Physics Problems for Aspiring Physical Scientists and Engineers

With Hints and Full Solutions

Author: Ken Riley

Publisher: Cambridge University Press

ISBN: 1108476694

Category: Reference

Page: 346

View: 763

Containing over 200 physics problems, with hints and full solutions, this book develops the skill of finding solutions to scientific problems.

Grundkurs Theoretische Physik 5/1

Quantenmechanik - Grundlagen

Author: Wolfgang Nolting

Publisher: Springer-Verlag

ISBN: 366207561X

Category: Science

Page: 424

View: 5139

Der beliebte Grundkurs Theoretische Physik deckt in sieben Bänden alle für das Diplom maßgeblichen Gebiete ab. Jeder Band vermittelt gut durchdacht das im jeweiligen Semester nötige theoretische-physikalische Rüstzeug. Zahlreiche Übungsaufgaben mit ausführlichen Lösungen dienen der Vertiefung des Stoffes.

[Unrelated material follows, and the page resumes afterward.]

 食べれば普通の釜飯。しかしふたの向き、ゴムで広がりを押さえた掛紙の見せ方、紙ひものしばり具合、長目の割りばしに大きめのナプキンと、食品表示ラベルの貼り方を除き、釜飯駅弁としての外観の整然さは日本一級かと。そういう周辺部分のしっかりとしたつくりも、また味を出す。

Lineare Operatoren in Hilberträumen

Teil 1 Grundlagen

Author: Joachim Weidmann

Publisher: Springer-Verlag

ISBN: 9783322800947

Category: Mathematics

Page: 475

View: 2890

Behandelt werden die Grundlagen der Theorie zum Thema Lineare Operatoren in Hilberträumen, wie sie üblicherweise in Standardvorlesungen für Mathematiker und Physiker vorgestellt werden.

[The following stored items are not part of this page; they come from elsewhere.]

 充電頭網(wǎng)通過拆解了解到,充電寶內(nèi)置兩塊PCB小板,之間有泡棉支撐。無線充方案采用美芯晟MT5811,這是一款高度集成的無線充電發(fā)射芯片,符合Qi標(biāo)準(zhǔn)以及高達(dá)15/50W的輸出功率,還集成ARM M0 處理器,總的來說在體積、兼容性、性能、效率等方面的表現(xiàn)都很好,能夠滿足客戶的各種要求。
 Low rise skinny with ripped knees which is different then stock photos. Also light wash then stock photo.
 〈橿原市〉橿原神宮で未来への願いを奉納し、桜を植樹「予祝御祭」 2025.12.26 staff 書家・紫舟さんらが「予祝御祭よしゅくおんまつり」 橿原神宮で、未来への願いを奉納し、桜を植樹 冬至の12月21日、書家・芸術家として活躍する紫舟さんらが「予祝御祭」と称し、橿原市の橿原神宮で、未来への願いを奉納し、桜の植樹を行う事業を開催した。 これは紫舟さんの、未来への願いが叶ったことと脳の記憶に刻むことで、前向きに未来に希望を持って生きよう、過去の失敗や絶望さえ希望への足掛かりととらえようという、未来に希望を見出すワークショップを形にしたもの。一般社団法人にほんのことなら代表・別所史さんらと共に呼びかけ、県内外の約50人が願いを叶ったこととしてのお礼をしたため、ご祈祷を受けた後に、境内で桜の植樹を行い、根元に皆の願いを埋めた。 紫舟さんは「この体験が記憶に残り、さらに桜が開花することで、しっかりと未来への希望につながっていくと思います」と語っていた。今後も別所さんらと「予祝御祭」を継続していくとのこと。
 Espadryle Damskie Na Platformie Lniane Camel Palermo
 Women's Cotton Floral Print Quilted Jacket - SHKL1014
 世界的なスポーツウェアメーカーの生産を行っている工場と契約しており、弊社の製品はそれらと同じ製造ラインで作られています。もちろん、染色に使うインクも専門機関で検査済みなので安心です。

Mathematics for the Physical Sciences

Author: Laurent Schwartz

Publisher: Courier Dover Publications

ISBN: 0486466620

Category: Mathematics

Page: 358

View: 4930

Concise treatment of mathematical entities employs examples from the physical sciences. Topics include distribution theory, Fourier series, Laplace transforms, wave and heat conduction equations, and gamma and Bessel functions. 1966 edition.